Task requirements
Could you output, word for word, only the lines from the line with "Lauren Ralph Lauren" to the end of the entries, including both ends? Omit the pictures.

Exercise input
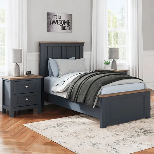 The Landocken Bed combines timeless design with a refined two-tone finish, creating a stunning focal point for your bedroom. The slate blue body is perfectly accented by a light brown wood-tone top, offering a sophisticated contrast that complements both classic and contemporary spaces. Its clean lines and panel-style construction embody classic design, making it a versatile choice for any decor. Rated at a “Good” quality level, the Landocken Bed delivers style and charm to your space. Includes: - Headboard - Footboard - Rails Highlights ★ Panel Style Bed ★ Available in Twin, Full, or Queen ★ Two Tone Finish ★ Finish: Blue ★ Style: Enduring Elegance ★ Material: Hardwood Solids, Mindi Wood Veneer And Mdf Substrates Note - Assembly Required - Professional Assembly provided with in-home delivery - Requires Mattress and Box Spring Foundation. Each Sold Separately. Dimensions TWIN:-
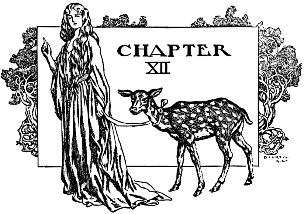 “As she spoke they crept into corners, and covered the dame’s head with a veil. And all that day it was dark and gloomy, and nothing happened, and all the next day it rained and rained; and they thrust the dame[Pg 185] into a dark closet, and kept her there for a whole month, and still not a ray of sunshine came to do them any damage; but the dame faded and faded in the dark, and at last they said, ‘She must come out, or she will die; and we do not believe the sun will ever shine in our country any more.’ So they let the poor dame come out; and lo! as she crept slowly forth under the dome, a piercing ray of sunlight darted down upon her head, and in an instant they were all changed into deer, and the child-king too.
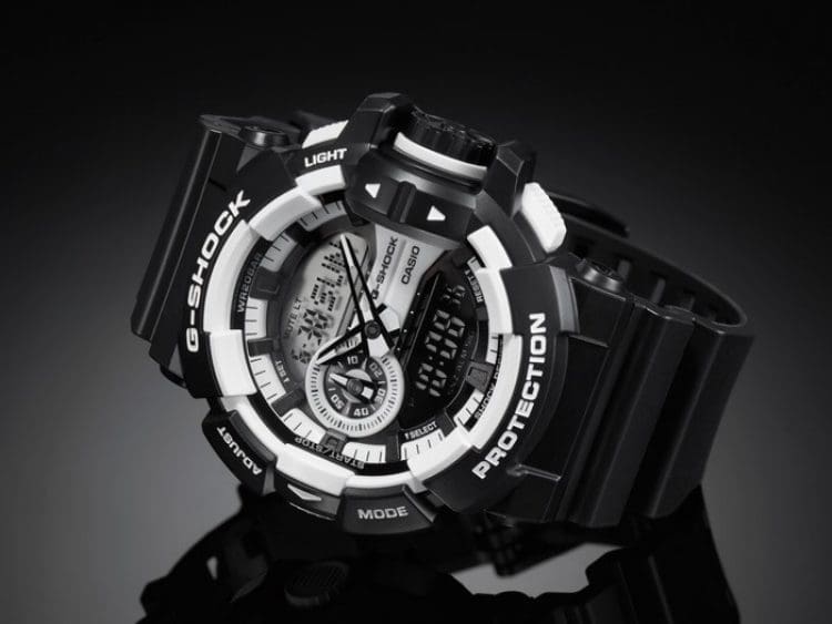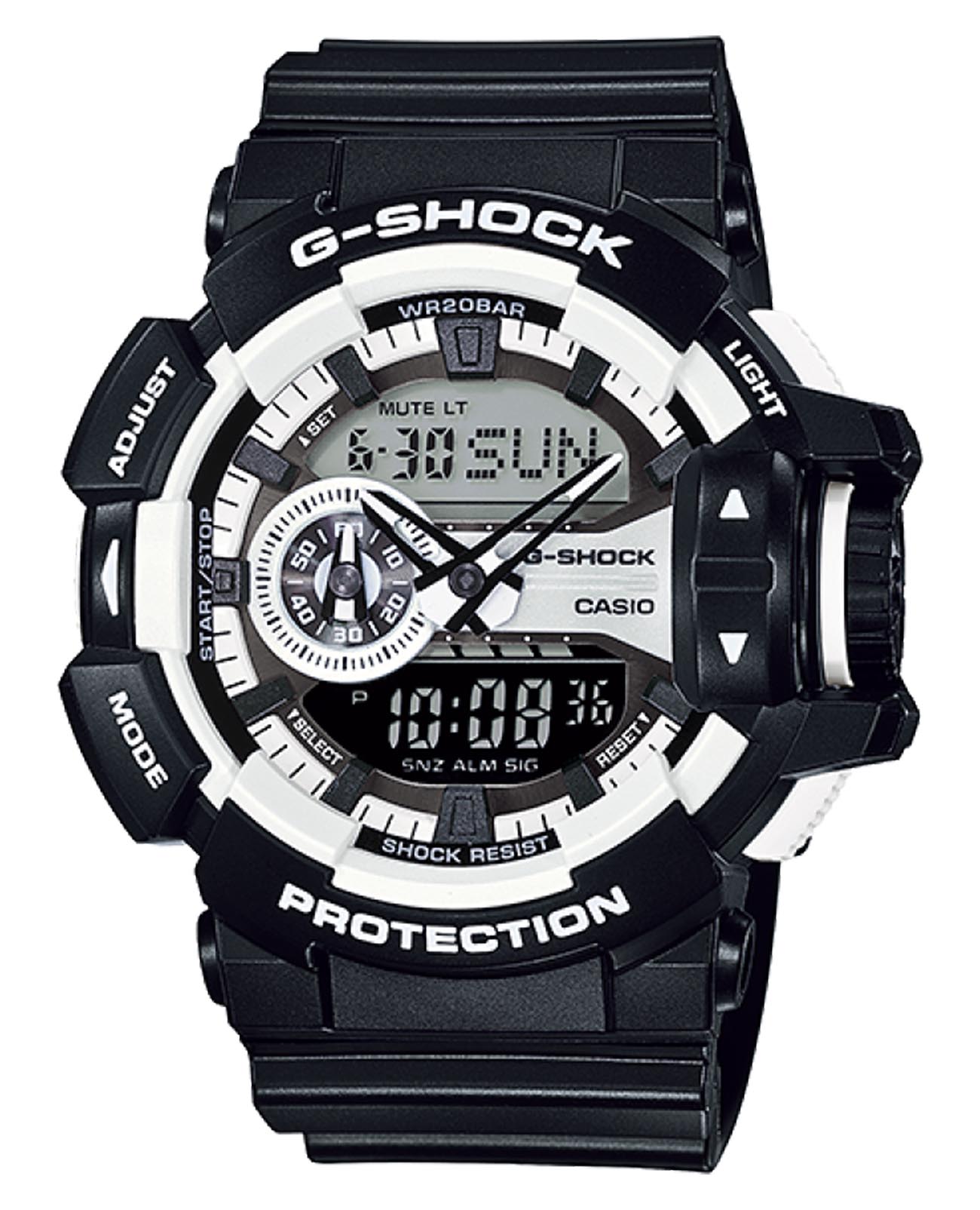 Противоударные, спортивные мужские часы Casio G-Shock GA-400CM-1A, электронный механизм с высокой точностью. Класс водозащиты: 200 метров, позволит плавать, нырять и заниматься другими водными видами спорта. Корпус часов изготовлен из пластика, разноцветного цвета.
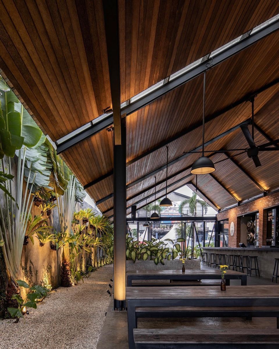 exterior shot black steel frame concrete walls and floors timber accent a lot of greenery city background
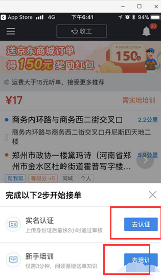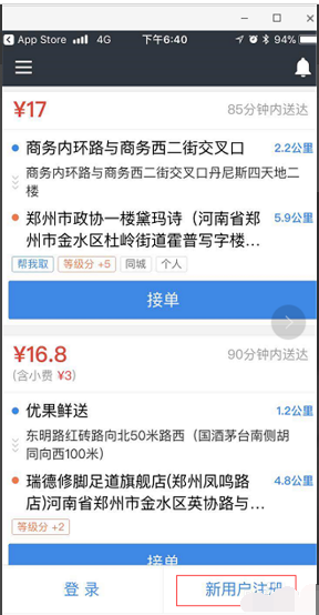 8、认证完成后,回到首页,找到合适的订单,点击“接单”即可。
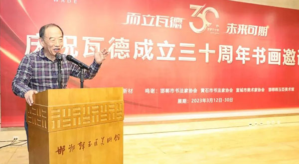 阳光集团董事长韩玉臣作了热情洋溢的致辞,他对瓦德集团成立30年庆典表示热烈地祝贺,对董事长谢富强自身艺术修养及瓦德企业的文化品位给予了很高的评价,对瓦德集团能倾力倾情举办如此规模的书画大展,开创了邯郸书画界先河的行举表示赞叹。
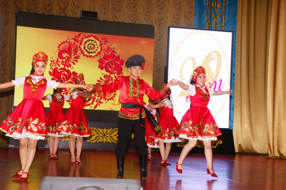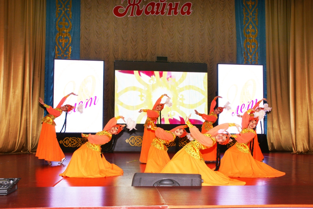 Алға! Жетістікке қарай ұмтыл! 1999 жылы Қарағанды экономикалық университетінде осы ұранмен «Жайна» ансамблі ұйымдастырылған еді. Ансамбль құрамында қазір 40 адам билейді, олардың 20 - негізгі құрамда, қалған балалар даярлайтын топта шұғылданады.
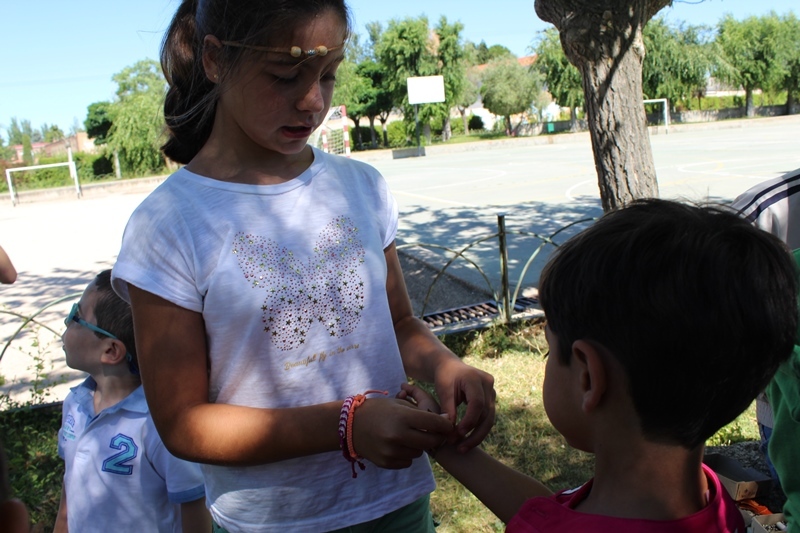 Al término del taller, monitores y alumnos del campamento regalaron a los niños del Centro Infantil Villa San Agustín pulseras de cuero.
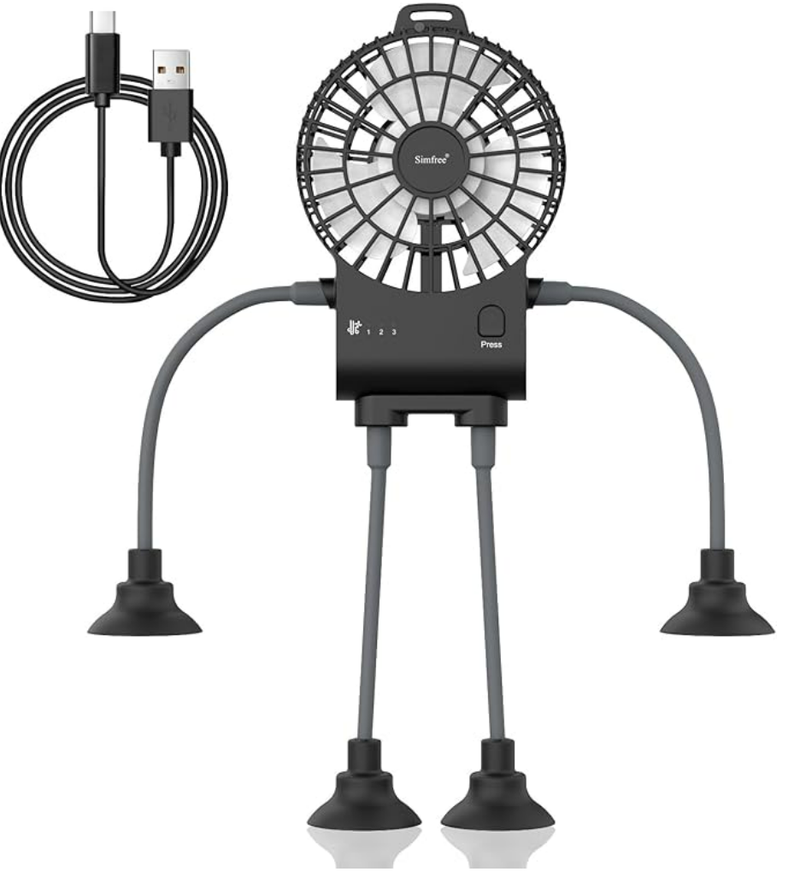 Simfree Portable Fan,Robot Desk Fan with Suckers-Rechargeable Portable Table Fan,3 Speeds Hands Free Fan for Home, Office,Game Room,Car and Outdoor Use-Black
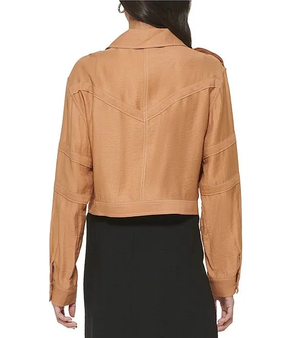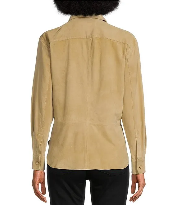 Lauren Ralph Lauren Goat Suede Point Collar Flap Pocket Long Sleeve Jacket
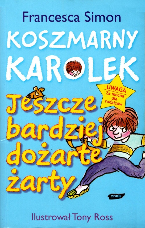 Te kawały są za mocne dla rodziców, nie wolno ich opowiadać babciom, ciociom ani nawet najbardziej postępowym wujkom. Koszmarny Karolek zebrał ulubione dowcipy swoich przyjaciół i wrogów, nauczycieli, uczniów, a nawet swego młodszego brata Doskonałego Damianka. Znajdziecie tu toporne kawały pani Kat-Toporskiej, wredne kawały Wandzi, ordynarne dowcipy Ola i ambitne żarty Arnolda.
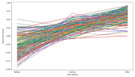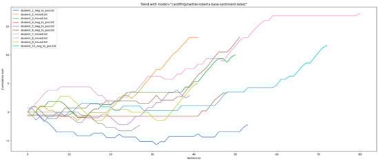 The sentiment score charts resulting from each model were then evaluated against each other and against the authors’ perceptions. Our findings indicated that the most suitable model for this work was the roBERTa model, trained on 58 million tweets and tweaked specifically for sentiment analysis. The roBERTa model is available on the Hugging Face website [].

Answer area
 Lauren Ralph Lauren Goat Suede Point Collar Flap Pocket Long Sleeve Jacket
 Te kawały są za mocne dla rodziców, nie wolno ich opowiadać babciom, ciociom ani nawet najbardziej postępowym wujkom. Koszmarny Karolek zebrał ulubione dowcipy swoich przyjaciół i wrogów, nauczycieli, uczniów, a nawet swego młodszego brata Doskonałego Damianka. Znajdziecie tu toporne kawały pani Kat-Toporskiej, wredne kawały Wandzi, ordynarne dowcipy Ola i ambitne żarty Arnolda.
 The sentiment score charts resulting from each model were then evaluated against each other and against the authors’ perceptions. Our findings indicated that the most suitable model for this work was the roBERTa model, trained on 58 million tweets and tweaked specifically for sentiment analysis. The roBERTa model is available on the Hugging Face website [].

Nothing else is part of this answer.